[RECORDS FOR PROCESSING]
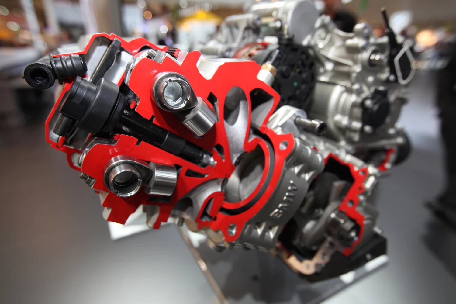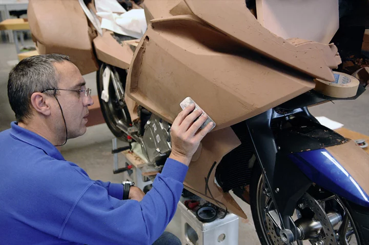 As per the 4-cylinder in-line K 1300 series, the cylinder axis is tilted forwards by 55 degrees to achieve a low center of gravity and balanced weight distribution, as well as allow for better cooling intake directly above the engine.engine position
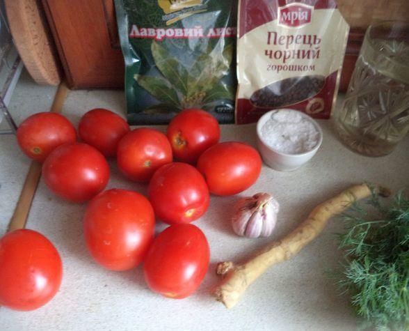 Con la misma tecnología de cocción estándar para verter verduras con salmuera fría o caliente, puede hacer tomates en escabeche con la participación directa de rábano picante. El picante y picante del aperitivo elaborado según esta receta no dejará indiferente a nadie.
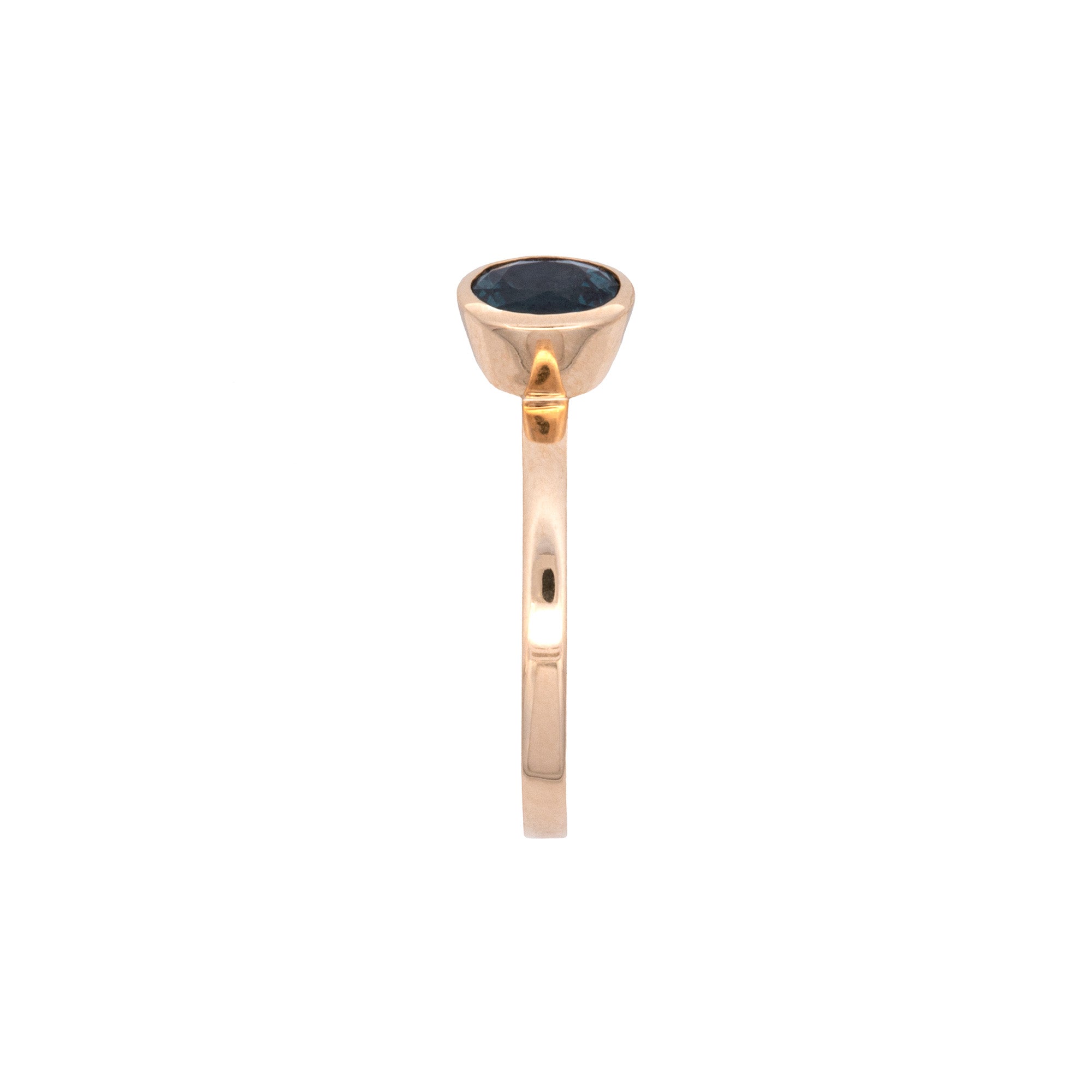 14K Yellow Gold Bezel Set Oval Blue Sapphire Ring
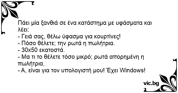 Πάει μία ξανθιά σε ένα κατάστημα με υφάσματα και λέει: - Γειά σας, θέλω ύφασμα για κουρτίνες! - Πόσο θέλετε; την ρωτά η πωλήτρια. - 30x50 εκατοστά. - Μα τι το θέλετε τόσο μικρό; ρωτά απορημένη η πωλήτρια. - Α, είναι για τον υπολογιστή μου! Έχει Windows!
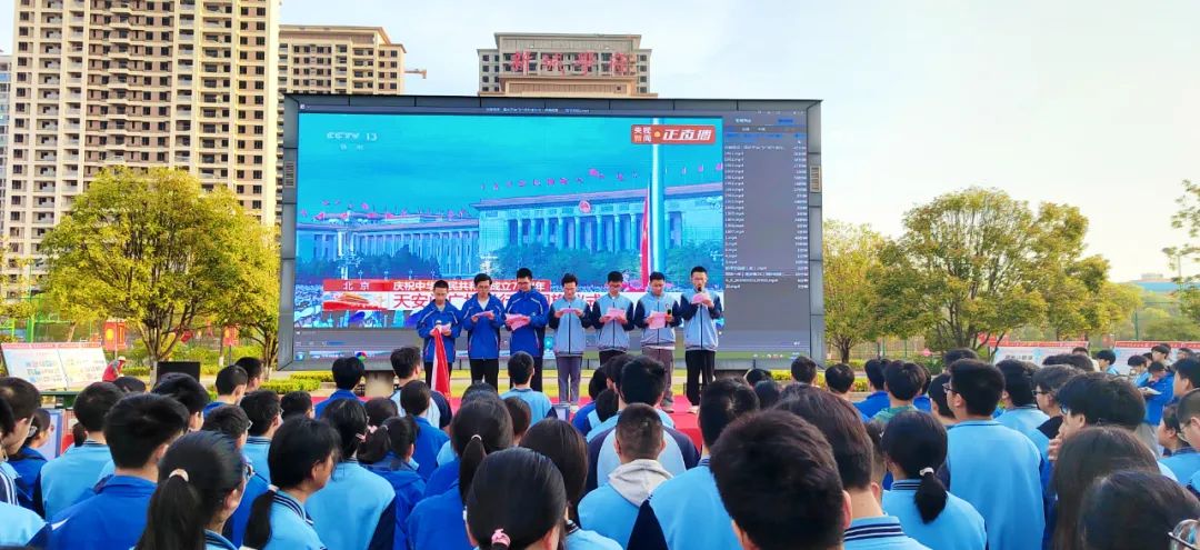 榜样力量,朋辈领航。国旗下讲话在庄严的升国旗仪式中开始,全体师生高唱国歌、行注目礼。
[/RECORDS FOR PROCESSING]
### EXERCISE AIM
Copy the data in full. No pictures belong in the copy.

### REPLY
 As per the 4-cylinder in-line K 1300 series, the cylinder axis is tilted forwards by 55 degrees to achieve a low center of gravity and balanced weight distribution, as well as allow for better cooling intake directly above the engine.engine position
 Con la misma tecnología de cocción estándar para verter verduras con salmuera fría o caliente, puede hacer tomates en escabeche con la participación directa de rábano picante. El picante y picante del aperitivo elaborado según esta receta no dejará indiferente a nadie.
 14K Yellow Gold Bezel Set Oval Blue Sapphire Ring
 Πάει μία ξανθιά σε ένα κατάστημα με υφάσματα και λέει: - Γειά σας, θέλω ύφασμα για κουρτίνες! - Πόσο θέλετε; την ρωτά η πωλήτρια. - 30x50 εκατοστά. - Μα τι το θέλετε τόσο μικρό; ρωτά απορημένη η πωλήτρια. - Α, είναι για τον υπολογιστή μου! Έχει Windows!
 榜样力量,朋辈领航。国旗下讲话在庄严的升国旗仪式中开始,全体师生高唱国歌、行注目礼。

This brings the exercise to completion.